Postal voting applications closed at the end of Monday. 75,000 registrations were submitted in 2016, while about 370,000 were submitted in Queensland for the 2019 federal election. You’d expect applications to be higher for a federal election than a council election.

This time there have been 540,000 applications, which is massive, although not everyone who receives a postal vote package will cast a vote in that way.

It’s harder to compare the pre-poll voting figures to the 2016 election, but by 5pm on Wednesday about 270,000 pre-poll votes had been cast.

I haven’t been able to find figures on how many votes were cast per day in pre-poll in 2016, and the total figure is unavailable without compiling the booth voting figures for every council (I’ve just done Brisbane), but we can compare to the federal election pre-poll statistics from 2019.

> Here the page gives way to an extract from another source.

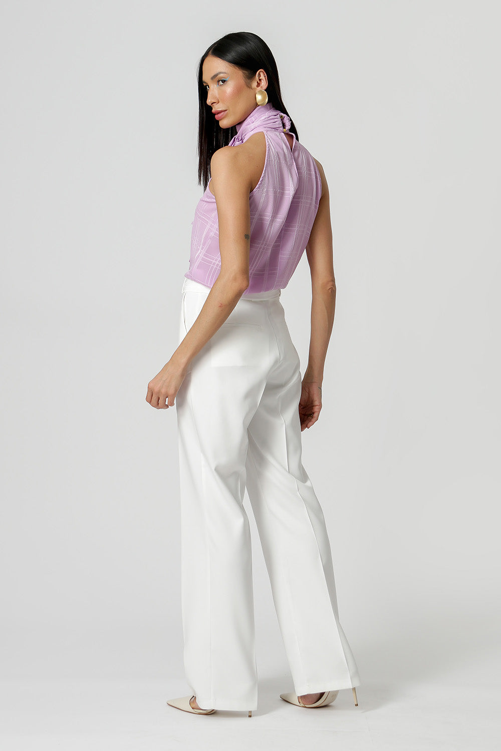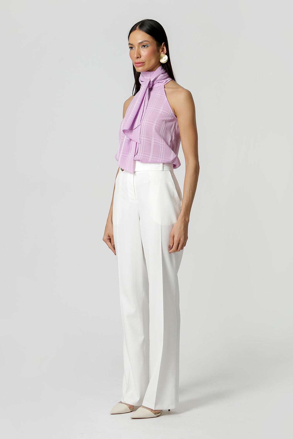 Blusa confeccionada en cuadros devoré, con lazo en el cuello y botones. Pieza que realza la silueta femenina.

At the 2019 federal election, pre-poll voting went for three weeks, unlike the two weeks for this council election. But after the Wednesday of the second-last week of the campaign, just over 300,000 pre-poll votes had been cast in Queensland, out of a total of just over 1 million votes. About 62,000 votes were cast on that Wednesday. So far we’ve had 270,000 votes cast over three days, with about 100,000 votes yesterday. At that rate I could imagine more pre-poll votes being cast than were cast in Queensland in 2019.

So we could be looking at as many as 1.5 million Queenslanders casting a vote prior to election day, out of a total electorate of 3.2 million – almost half.

The ECQ has also announced some more detail about measures to mitigate risk of contracting coronavirus for voters and staff since my last post. Measures will be taken to ensure no more than 100 people are inside a booth at any one time and to ensure that queues are spaced apart. Telephone voting is also available for some voters, and they have specifically stated that this includes those who are required to self-isolate and thus can’t come to the polls, solving the dilemma for those who’ve left it too late to apply for a postal ballot.